Appeal Seeks New Judge in Gloucester Transgender Lawsuit
Jan 25, 2016 08:34 AM EST
Gavin Grimm, the 16-year-old transgender high school student in the center of the Gloucester High School restroom use policy, has spoken out since his camp filed a lawsuit against the school.
Gavin Grimm has always struggled internally when it came to gender issues and its social effects. The transgender student was backed by the American Civil Liberties Union (ACLU) in filing a lawsuit against Gloucester High School for not allowing the student to use the men's bathroom. ACLU is still seeking court order that requires the school board to allow Grimm to use the boy's restroom despite the fact that he was born female.
In a recent post, it seems that Grimm has developed a better understanding of himself despite being in the middle of the controversy. The student revealed that he has a "renewed passion" and that he is keen on trying out new things.
"I've come very far from the negative, angry, upset person I was before. As opposed to who I was when I was not myself, I am now more assertive, outgoing and positive. I have a renewed passion for living and experiencing new things," said Grimm, in a report by The Daily Press.
"I still like reading, writing, drawing, video games, going places and hanging out with friends. Really my interests haven't changed very much but my level of enjoyment has changed," added the student in the same phone interview recorded by The Daily Press.

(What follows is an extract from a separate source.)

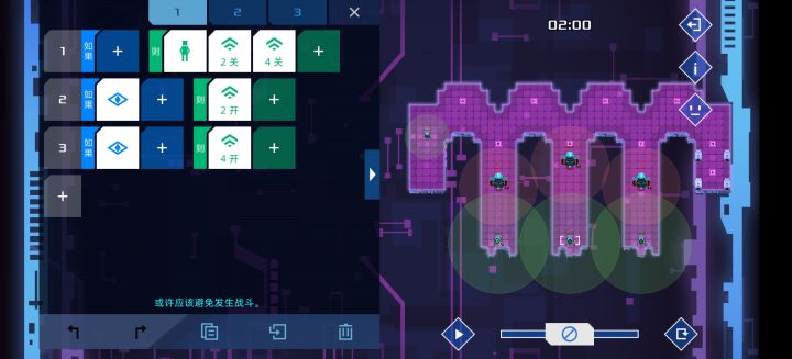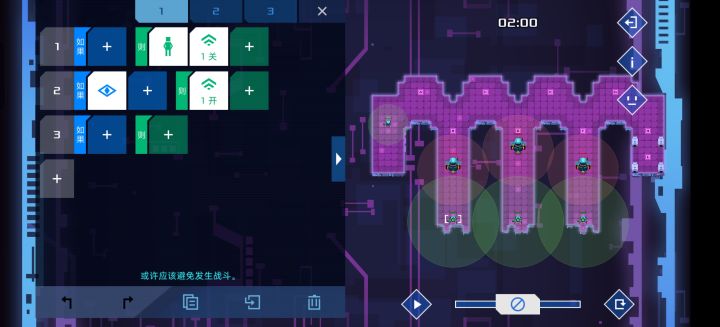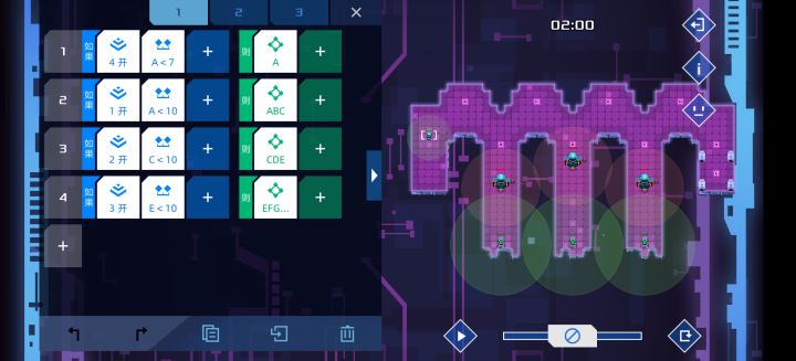 大佬们,按这个游戏的执行来说不应该再两条代码同时成立时,优先执行下面那个代码吗,而且旁边的侦查机代码好像就是符合下面代码优先的吧,一般情况下关闭信号,遇到敌人再开 可为什么我一开始的那个机器人的代码会进入死循环,虽然我这个代码确实无法通关,但是不理解这一步执行为何会这样。求助求助#异常

On Wednesday, oral arguments are scheduled to take place over the school's restroom policy. Grimm's lawyers are seeking the 4th U.S. Circuit Court of Appeals in Richmond to overrule a Norfolk federal judge for an injunction that would allow him to use the boy's restroom when this year's academic year starts on September.
The appeal also wishes for the judge to be replaced. U.S. District Judge, Robert Doumar, stated that the school is merely protecting a constitutional right by not allowing Grimm to use the boy's rest room. On Thursday, Doumar explained his decision to deny the injunction that would have allowed Grimm to use the restrooms.
"The judge's decision is disappointing but an appeal has already been filed. We and Gavin remain focused on achieving a positive outcome at trial and on appeal," said ACLU of Virginia's Legal Director, Rebecca Glenberg, in a separate post on the matter by The Daily Press.